O2 Deficit: Non-invasive Sensitive Measure of Impaired Gas Exchange
The concept of determining the oxygen deficit using a non-invasive method was pioneered by John B. West, a globally known physiologist (medical text book author of Respiratory Physiology The Essentials), and a team of respiratory physicians at UC San Diego (UCSD) Medical School.

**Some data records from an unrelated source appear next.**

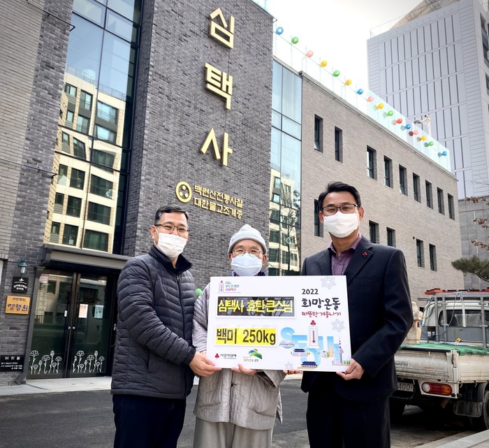 서울 은평구 응암1동은 최근 심택사 효탄 주지스님으로부터 백미 250kg를 기탁받았다. 후원받은 백미는 복지플래너와 직능단체가 발굴해 추천한 기초수급자, 홀몸노인 가구, 한부모가구 등 취약계층 25가구에 전달됐다. 사진은 사랑의 쌀 전달식에서 관계자들이 기념촬영을 하는 모습.(사진제공=은평구청)
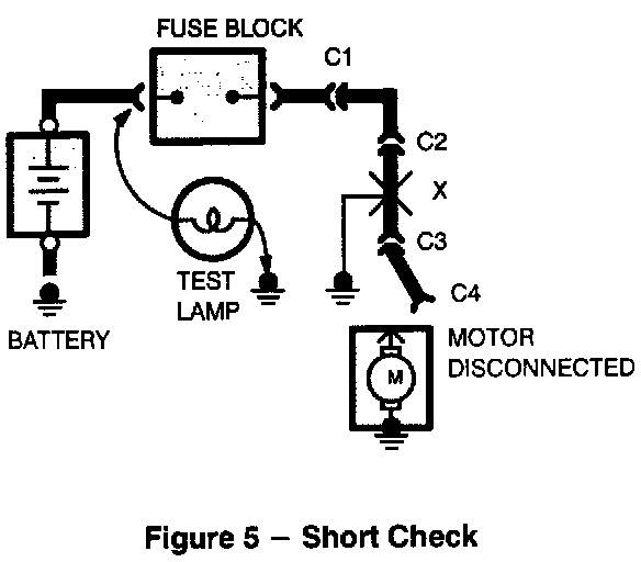 WARNING: Never use a jumper wire across loads (motors,etc.) connected between hot and ground. This direct battery short may cause injury or fire.
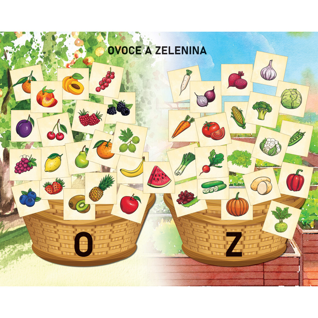 Ovoce a zelenina, závěsný naučný magnetický obraz a 40 karet
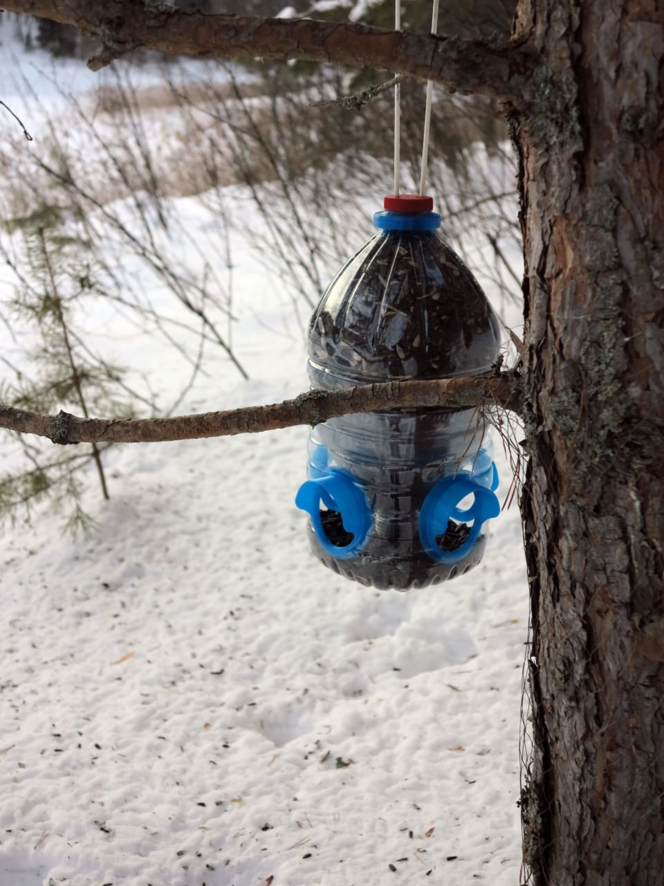 А если серьезно, то видел аккуратные кормушки сделанные из 5 литрушек. В лесу каждый день не подложить не сможешь, а так она какое-то время сама пополняется

O2 Deficit is a single measure that indicates the degree of impaired gas exchange. It is obtained non-invasively from a patient’s normal breath at rest. O2 Deficit is the difference between end-tidal O2 in lungs (PAO2) and a calculated partial pressure of arterial oxygen (gPaO2TM). In essence, it reports the degree of inefficiency of the lung to transfer oxygen into the capillary blood. The O2 Deficit is calculated as follows: O2Deficit = PETO2(PAO2) – gPaO2. The value is calculated by a gas exchange monitor (GEM) using samples taken during normal breathing and is expressed in mmHg. Normal patients have single digit to zero values, respiratory patients have a larger gap (e.g., 30 to 50 mmHg, or even higher).
In patients with worsening gas exchange, oxygen deficit typically changes more than oxygen saturation. For example, a patient’s arterial oxygen saturation (SpO2) may fall by only 2% or 3% but their oxygen deficit tends to increase by a much wider margin (e.g., 10 mm Hg) than SpO2, providing a more sensitive indicator of gas exchange impairment. This wider margin allows for medical professionals to recognize deteriorating conditions and response to therapy more readily.